Ольга. Моя забота. Потом. Атас. (Появляется Жека.) Где прятались, Жека?

Жека. Ложечки, ножички… Собрать и убрать.

Ольга. Зачем? Вы — в гостях.

Жека. Я — на работе.

Ольга. Воскресный же день.

Жека. Не у меня, Ольга Богдановна.

Ольга. Начальник строгий?

Жека. Вам лучше знать.

Ольга. Мне он не начальник, а муж.

Жека. Тем более, вам виднее.

Ольга (чуть слышно). Тварь.


(Уходит.)


Прохор. Жека…

Жека. Слушаю, Прохор Борисыч.

Прохор. Не задевает, что так обратился? Без отчества?

Жека. Напротив. Приятно. Я молодая.

Прохор. Присядьте, Жека. Нет правды в ногах. Даже — в ваших.

Жека. Но нет ее и выше. (Присаживается.)

Прохор. Кто знает? Пушкина уважаете…

Жека. Он — наш учитель. Толстой говорил.

Прохор. Всё у вас — классики. Словно — охранники. Сами что скажете?

Жека. Я говорю то, что начальство хочет услышать.

Прохор. И вы… всегда такая покладистая?

Жека. Преимущественно — в рабочее время.

Прохор. Работа, надо сказать, не пыльная. С купаньем.

Жека. А с начальством не спорят. Велено мне было — присутствовать. Включая водные процедуры. Вместе со всеми.

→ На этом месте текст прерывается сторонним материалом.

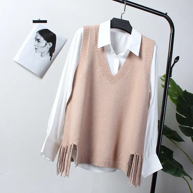 Женский жилет, весенний Короткий трикотажный жилет с кисточками и V...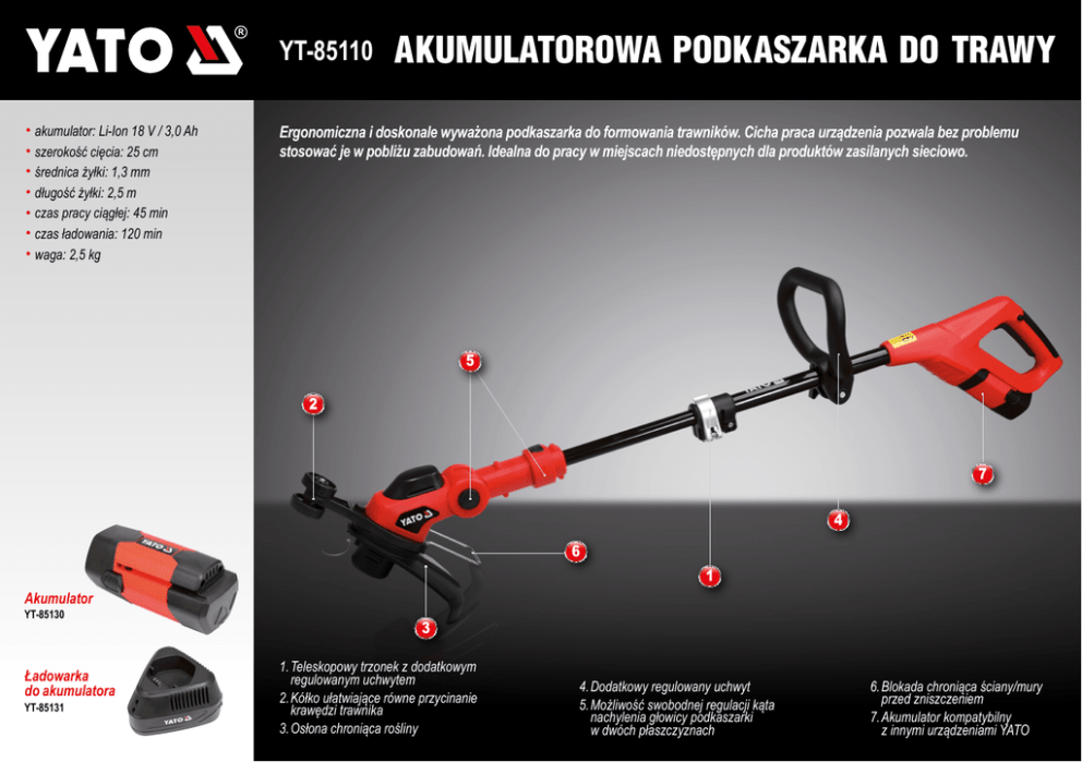 YT-85110 • akumulator: Li-Ion 18 V / 3,0 Ah • szerokość cięcia: 25 cm • średnica żyłki: 1,3 mm • długość żyłki: 2,5 m • czas pracy ciągłej: 45 min • czas ładowania: 120 min • waga: 2,5 kg AKUMULATOROWA PODKASZARKA DO TRAWY Ergonomiczna i doskonale wyważona podkaszarka do formowania trawników. Cicha praca urządzenia pozwala bez problemu stosować je w pobliżu zabudowań. Idealna do pracy w miejscach niedostępnych dla produktów zasilanych sieciowo. 5 2 7 4 6 1 Akumulator YT-85130 Ładowarka do akumulatora YT-85131 3 1.Teleskopowy trzonek z dodatkowym regulowanym uchwytem 2.Kółko ułatwiające równe przycinanie krawędzi trawnika 3.Osłona chroniąca rośliny 4.Dodatkowy regulowany uchwyt 5.Możliwość swobodnej regulacji kąta nachylenia głowicy podkaszarki w dwóch płaszczyznach 6.Blokada chroniąca ściany/mury przed zniszczeniem 7.Akumulator kompatybilny z innymi urządzeniami YATO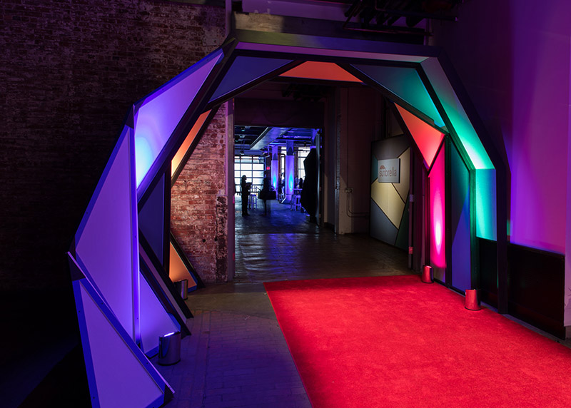 Guests received their first taste of technological innovation at registration, where they were welcomed by name on a reactive LED screen installation covering the full width of the entry wall. A large lunch café was created with a décor scheme that incorporated custom-built, ceiling-high steel LED frames draped with foliage to create smaller, intimate restaurant-style spaces that displayed both technology and nature.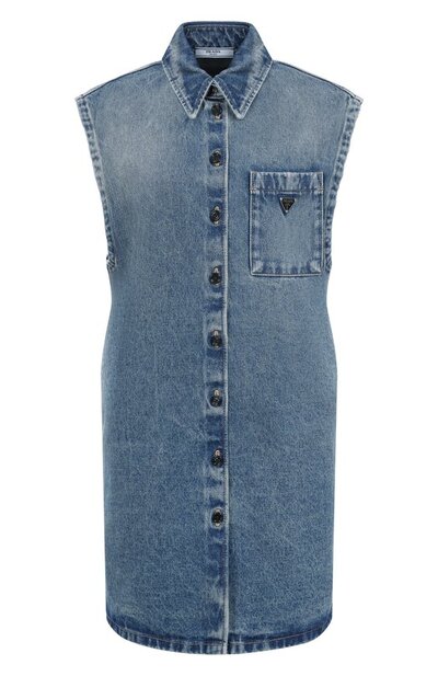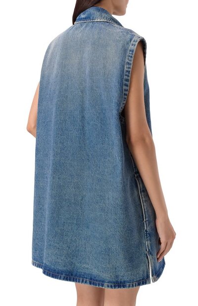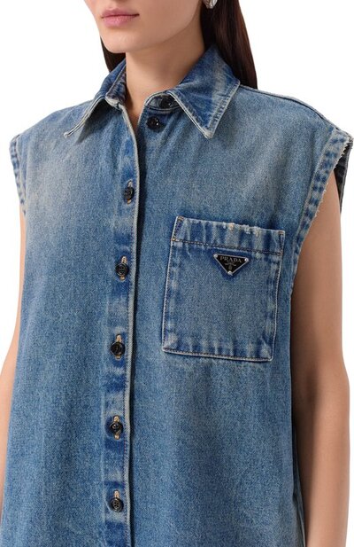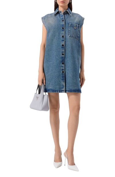 Выбеленному платью-рубашке с отложным воротником и небольшими разрезами по бокам придали состаренный вид с помощью потертостей. Модель из жесткого хлопкового денима украсили фирменным эмалевым треугольником на нагрудном кармане.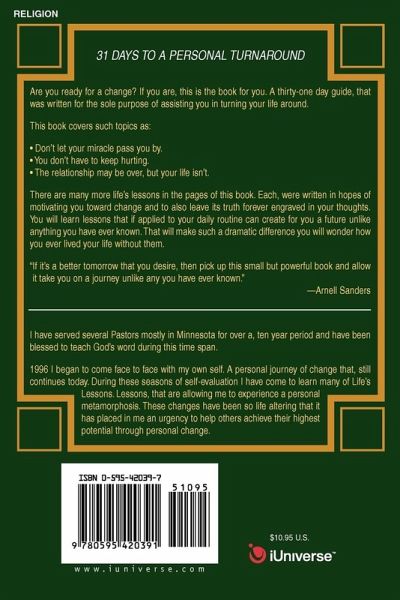 31 DAYS TO A PERSONAL TURNAROUND Are you ready for a change? If you are, this is the book for you. A thirty-one day guide, that was written for the sole purpose of assisting you in turning your life around. This book covers such topics as: Don't let your miracle pass you by. You don't have to keep hurting. The relationship may be over, but your life isn't. There are many more life's lessons in the pages of this book. Each, were written in hopes of motivating you toward change and to also leave its truth forever engraved in your thoughts. You will learn lessons that if applied to your daily routine can create for you a future unlike anything you have ever known. That will make such a dramatic difference you will wonder how you ever lived your life without them. "If it's a better tomorrow that you desire, then pick up this small but powerful book and allow it take you on a journey unlike any you have ever known." Arnell Sanders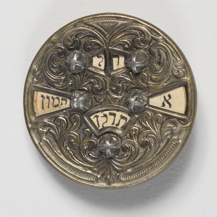 - Copper alloy: silver-plated and cast; ink on parchment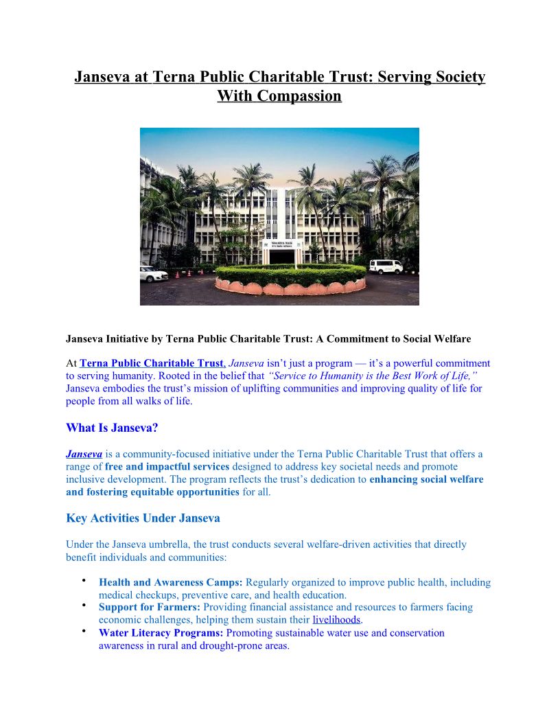 Janseva at Terna Public Charitable Trust: Bridging Gaps Through Social Service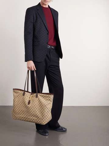 Jackie Large Leather-Trimmed Monogrammed Canvas Tote Bag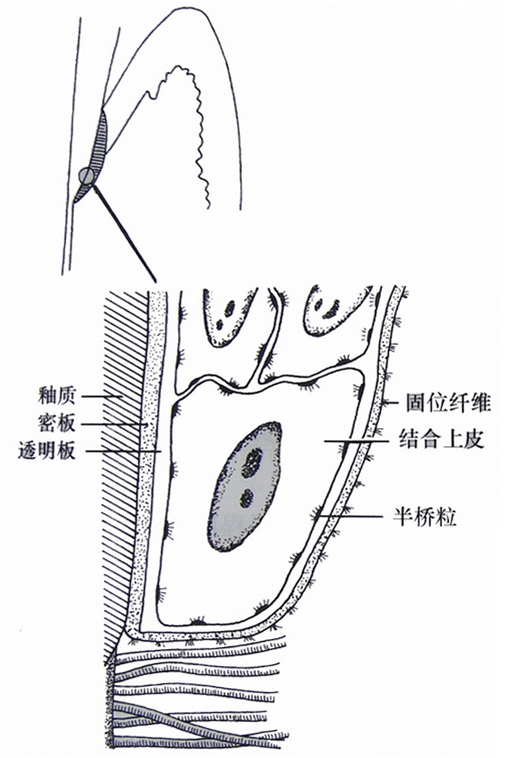 上述形态学特点表明,结合上皮是一未成熟的分化低的上皮,属于简单上皮。从上皮和间充质之间的关系看,支持上皮的结缔组织在决定上皮的表型中起重要作用。上皮下结缔组织对于复层鳞状上皮的正常成熟有诱导作用。而结合上皮下结缔组织缺乏这种诱导作用,致使结合上皮仍保持其不成熟特征。上皮的这种不成熟性表现为,结合上皮形成许多半桥粒,使细胞与牙面紧密附着;结合上皮的表层不易脱落,其更新的细胞移动到牙表面,然后向牙冠方向脱落到龈沟中,而在牙龈上皮中,基底细胞分裂增生补充脱落的表层细胞。另外结合上皮细胞在牙表面产生一种基板样物质(包括透明板和密板两部分),并能通过半桥粒附着在这些物质上,使结合上皮紧密地附着在牙面上。这种结构很类似于上皮与结缔组织连接的方式。

Прохор. И часто начальство… повелевает?

Жека. Случается.

Прохор. Даже по воскресеньям?

Жека. Секрет.

Прохор. Как знаете. Сам догадаюсь.

Жека. Догадываюсь — как догадаетесь.

Прохор. А не проста… золотая рыбка.

Жека. Простую — выловят на наживку. Потом — на сковородку. И — ам…

Прохор. И кто тут рыбка, и кто — рыбак…

Жека. Ошиблись. Ничего не ловлю. И — никого. Ни фарта, ни черта, ни даже доброго волшебника.

Прохор. Бескорыстное служение родине?

Жека. Какая тут может быть корысть? Не так велика моя зарплата.

Прохор. Достойный ответ. Далеко пойдете.

Жека. Бывают такие сюжеты. В книжках.

Прохор. Бывают и в жизни. Она богата.

Жека. На испытания.

Прохор. И не только. Москву не намерены посетить?

Жека. В мечтах.

Прохор. Осуществите мечту — поставьте в известность (дает ей картонный квадратик).

Жека. Это — зачем?

Прохор. Вдруг пригожусь.

Жека. Я покровительства не ищу, Прохор Борисыч. Еще не заметили?

Прохор. Все я заметил, гордая девушка. Но вы — припрячьте. Не помешает.


(Жека пожимает плечами, опускает карточку в кармашек. Выходят Петр, Ольга, Павел, Анна, вслед за ними — Христофор.)


Ольга. Хозяин устал. Пора прощаться. Жека, не в службу, а в дружбу — взгляните… Наши водилы не разбрелись?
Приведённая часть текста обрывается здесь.